She told me that she wants to serve her the papers next week Wednesday. Our feelings are so raw and have been for such a long time, I just want the old her and the old me. What do I do to prevent this from happening???


----------



## al_in_al (Feb 4, 2009)

First of all, I have no idea if you can stop it from happening. But here are some of my thoughts. 

I had (have?) the same problem with my husband - I would want to have a rational conversation and he would be angry and negative, it didn't make sense to me. So I cooled it on the relationship talk. I let us just be separated for a while. We talked some, but I did NOT ask for answers about where we were headed. This seems to have helped. In terms of him acting less crazy, I don't think we are any closer to reconciliation though. 

If she really had a physical reaction when you call her, maybe you should stop calling her. Do you think she would prefer an email?

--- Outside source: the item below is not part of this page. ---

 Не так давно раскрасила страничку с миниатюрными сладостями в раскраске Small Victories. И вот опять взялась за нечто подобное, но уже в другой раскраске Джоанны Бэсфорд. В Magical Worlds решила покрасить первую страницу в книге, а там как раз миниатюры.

Why do you have to keep going back to get things - try to get all the things you need next time and give her some space. 

And rethink wanting your old selves back. If you do get back together I hope you'll both be new and improved.


----------



## Dark Angel (Jun 17, 2009)

Even if she gets angry and yells, you have to keep your cool. If you loose it, she will feel threatened. I know it hurts to keep from yelling back, but you must take the higher road to get her in a calmer state of mind before you can really work on anything.

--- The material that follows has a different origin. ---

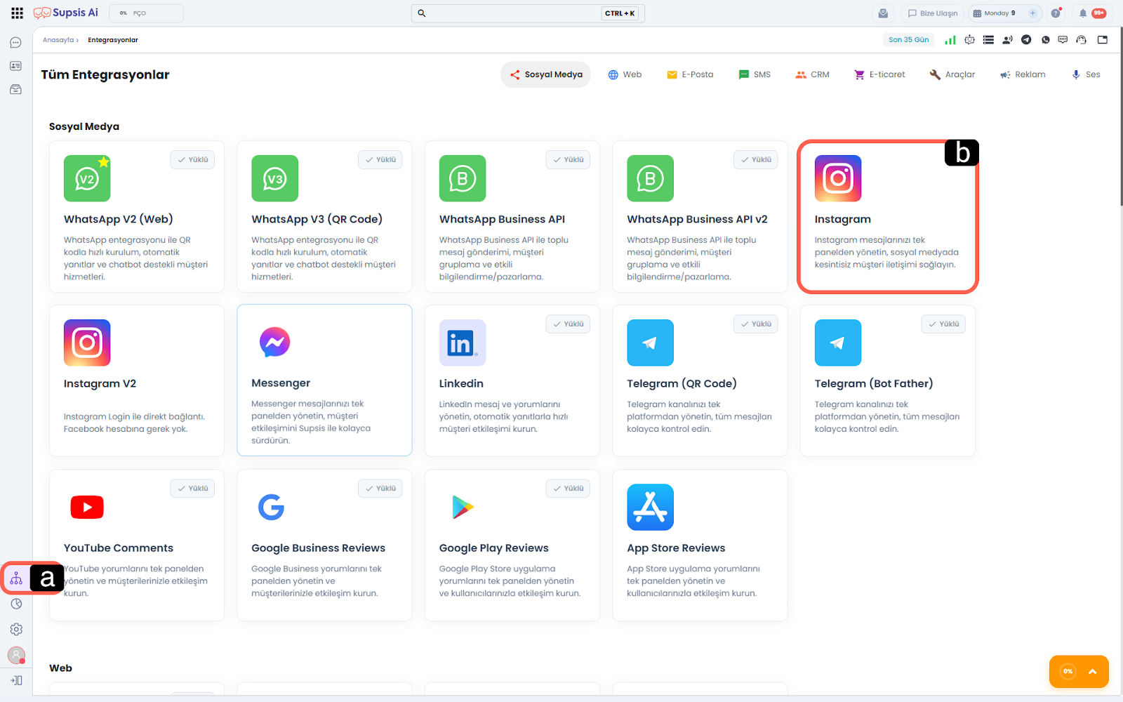 Supsis Ai panelinizin sol menüsünde yer alan Entegrasyonlar simgesine tıklayarak menüye giriş yapınız. - b – Instagram

Perhaps you could write her a letter and mail it to her explaining what you want, and how you plan to get there. Maybe she wont find it so intimidating. Ask her to delay divorce if possible, and see how being separated is first.

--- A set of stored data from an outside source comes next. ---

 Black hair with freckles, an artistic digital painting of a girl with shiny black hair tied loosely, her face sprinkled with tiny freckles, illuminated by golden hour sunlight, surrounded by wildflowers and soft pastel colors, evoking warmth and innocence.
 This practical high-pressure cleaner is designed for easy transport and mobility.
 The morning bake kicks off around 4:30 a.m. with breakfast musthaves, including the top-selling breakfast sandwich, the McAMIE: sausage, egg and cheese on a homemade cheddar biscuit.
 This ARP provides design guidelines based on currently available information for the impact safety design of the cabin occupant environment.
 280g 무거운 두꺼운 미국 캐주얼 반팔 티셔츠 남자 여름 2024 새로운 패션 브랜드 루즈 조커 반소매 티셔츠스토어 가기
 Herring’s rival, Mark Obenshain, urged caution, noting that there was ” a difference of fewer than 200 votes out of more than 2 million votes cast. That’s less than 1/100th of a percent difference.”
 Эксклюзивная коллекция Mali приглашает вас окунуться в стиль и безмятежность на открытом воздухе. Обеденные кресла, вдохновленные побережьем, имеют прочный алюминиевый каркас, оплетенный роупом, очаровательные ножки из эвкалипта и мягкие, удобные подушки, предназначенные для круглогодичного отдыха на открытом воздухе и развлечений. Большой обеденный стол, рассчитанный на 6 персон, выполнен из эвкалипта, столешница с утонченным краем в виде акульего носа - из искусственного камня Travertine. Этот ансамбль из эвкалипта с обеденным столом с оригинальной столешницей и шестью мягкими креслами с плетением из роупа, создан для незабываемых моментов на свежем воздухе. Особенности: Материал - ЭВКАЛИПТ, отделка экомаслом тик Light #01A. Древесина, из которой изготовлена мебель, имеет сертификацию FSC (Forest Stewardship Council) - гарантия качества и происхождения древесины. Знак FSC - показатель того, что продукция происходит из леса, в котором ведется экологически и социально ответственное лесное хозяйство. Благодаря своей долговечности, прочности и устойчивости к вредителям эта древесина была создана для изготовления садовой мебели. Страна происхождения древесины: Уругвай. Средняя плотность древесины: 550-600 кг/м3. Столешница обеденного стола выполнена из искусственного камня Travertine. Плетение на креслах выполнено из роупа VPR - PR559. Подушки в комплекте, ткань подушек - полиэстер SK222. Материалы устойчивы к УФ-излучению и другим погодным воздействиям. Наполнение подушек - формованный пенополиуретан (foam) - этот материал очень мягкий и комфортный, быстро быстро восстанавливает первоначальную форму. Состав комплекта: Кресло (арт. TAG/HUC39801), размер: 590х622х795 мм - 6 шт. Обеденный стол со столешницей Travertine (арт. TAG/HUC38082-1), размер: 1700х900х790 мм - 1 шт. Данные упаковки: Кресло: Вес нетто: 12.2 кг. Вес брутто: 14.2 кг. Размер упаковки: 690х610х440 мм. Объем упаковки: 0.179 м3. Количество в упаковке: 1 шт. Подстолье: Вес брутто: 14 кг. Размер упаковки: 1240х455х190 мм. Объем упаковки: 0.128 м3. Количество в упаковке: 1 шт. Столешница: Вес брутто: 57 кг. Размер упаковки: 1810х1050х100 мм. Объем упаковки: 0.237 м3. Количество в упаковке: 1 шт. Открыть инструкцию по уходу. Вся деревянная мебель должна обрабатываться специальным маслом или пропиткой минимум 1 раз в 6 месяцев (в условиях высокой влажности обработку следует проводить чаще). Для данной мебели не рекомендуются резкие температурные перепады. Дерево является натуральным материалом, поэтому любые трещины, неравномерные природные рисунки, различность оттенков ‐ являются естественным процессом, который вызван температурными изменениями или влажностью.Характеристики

Is there something in particular that happened to make her this afraid of you? Or is it something from her past thats contributing to it?

al_in_al has a good point too, maybe a little time and space to cool down may help a bit. I know it sucks wanting answers and having your head spinning. thats where Im at too, and not doing so well at it. Hang in there and keep your cool. You could be one blow up away from loosing her entirely.

Keep it together, you can do it!


----------



## tonyandre (Jun 17, 2009)

This topic should be instead,

Help me get an annulment, please read my latest post on how my wife has cheated on me. I am so relieved that I am not the one at fault and that I am not a bad person


----------